The EdTech Landscape in sub-Saharan Africa
As African economies grow and drive global value chains, the continent’s education lag risks becoming a source of long-term inequality and lost productivity. To mitigate this, a wave of EdTech solutions are emerging to tackle interlinked crises across a variety of issue areas. These include:
● Foundational Learning Platforms: Literacy and numeracy tools for early-grade learners provide foundational skills for all subsequent learning. Mobile-first solutions have gained particular traction due to the growing average mobile penetration at 50% across Africa today.
● Teacher Professional Development: Platforms that support teacher training and continuous professional development are a primary lever for educational improvement. This tackles a significant issue as the continent faces an estimated shortage of 15 million teachers, with fewer than half adequately trained in some regions. High teacher absenteeism – reaching 22% in certain countries – further undermines learning outcomes.
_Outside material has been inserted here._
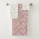 Pink Gold And White Geometric Pattern Bath Towel Set
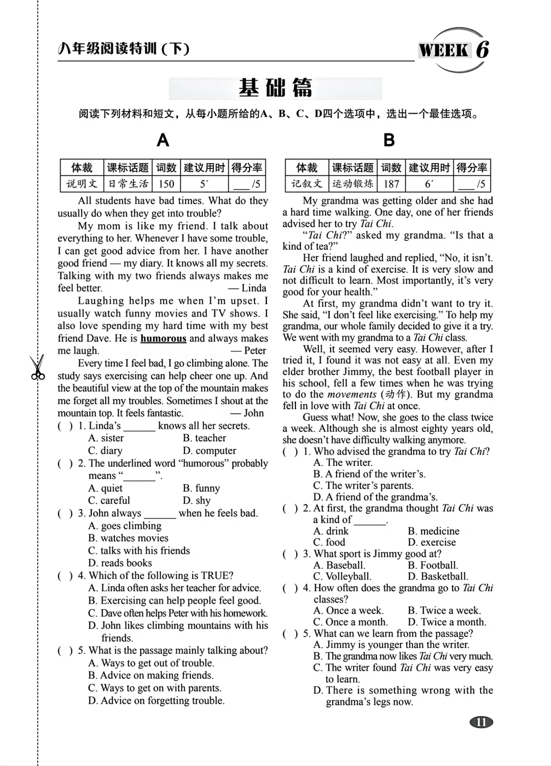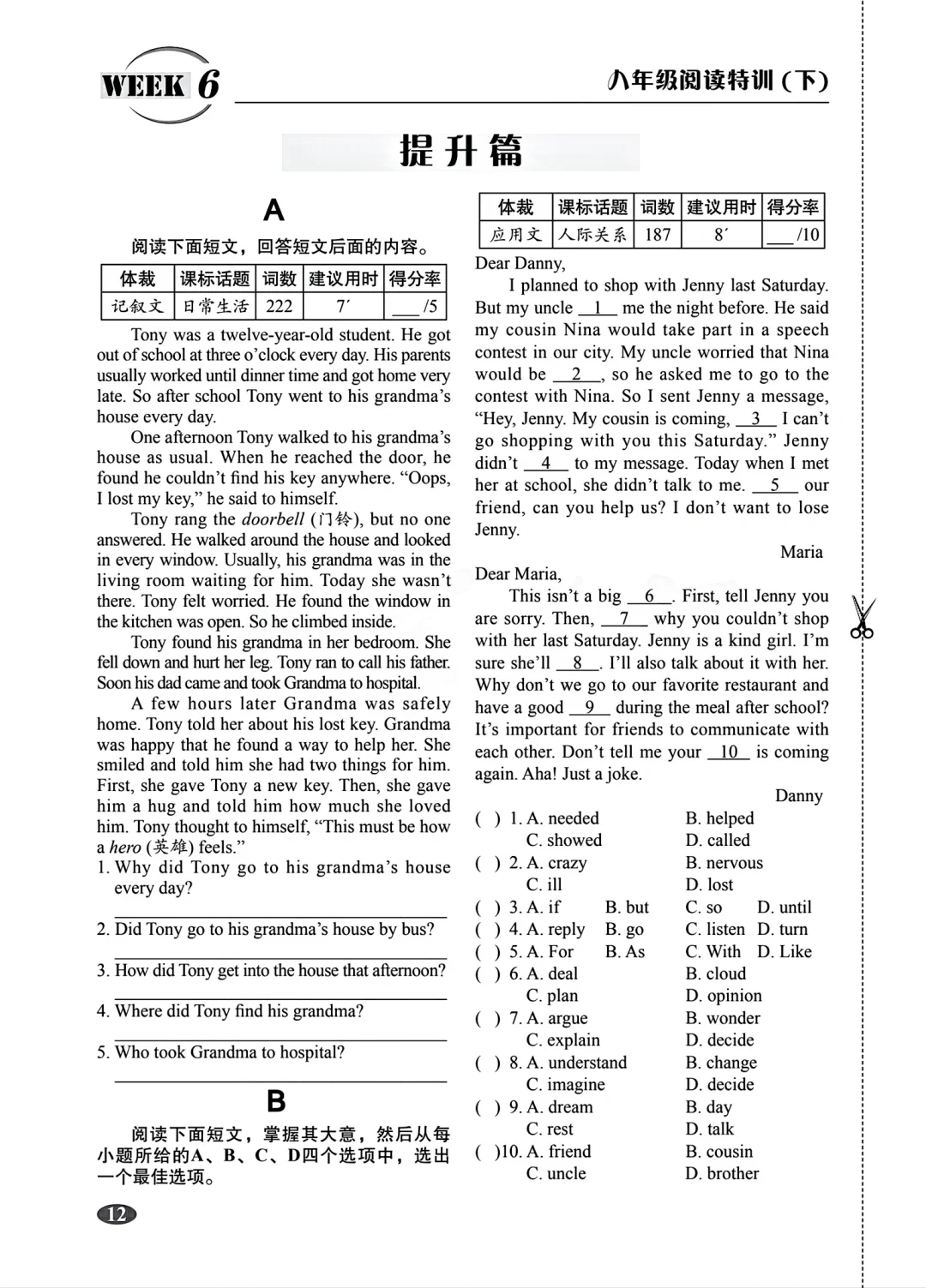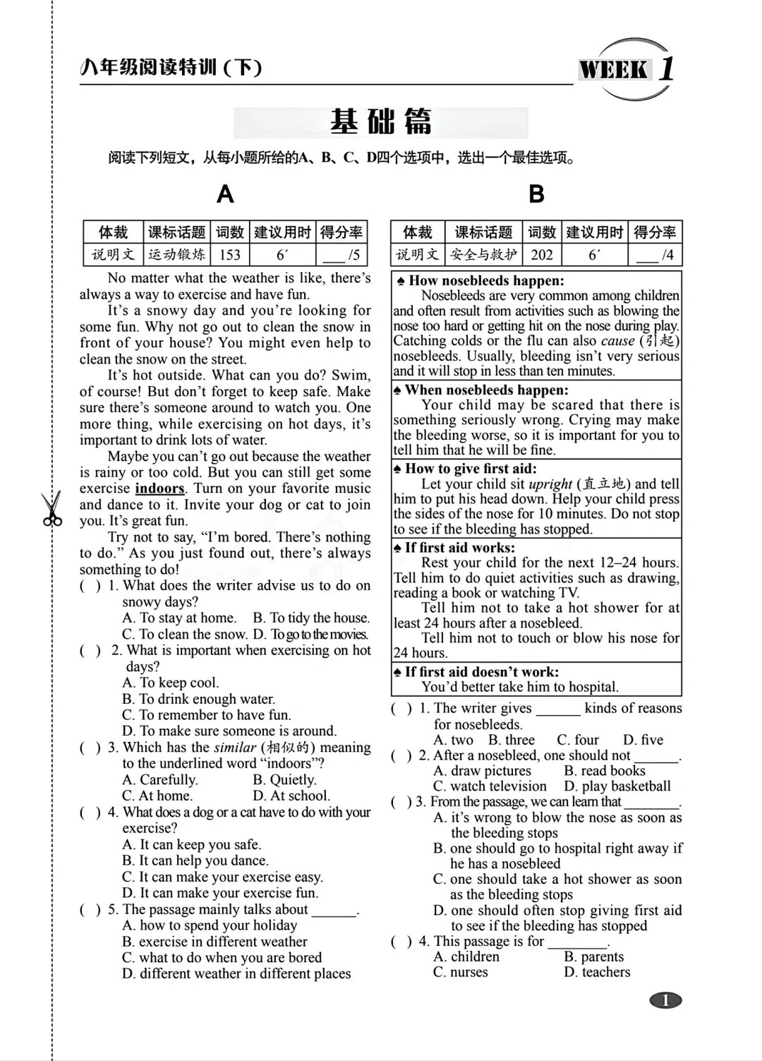 八年级下册英语阅读特训

● K-12 and Tertiary Digital Learning: Platforms offering curriculum-aligned content, exam preparation, and tutoring services serve both public schools and direct-to-consumer markets, with commercial viability strong among urban middle-class families.
● Workforce Development and Skills Training: Vocational training platforms addressing youth unemployment have proliferated, particularly in sectors like digital skills, agriculture, and entrepreneurship. These often blend online learning with in-person mentorship and employer partnerships.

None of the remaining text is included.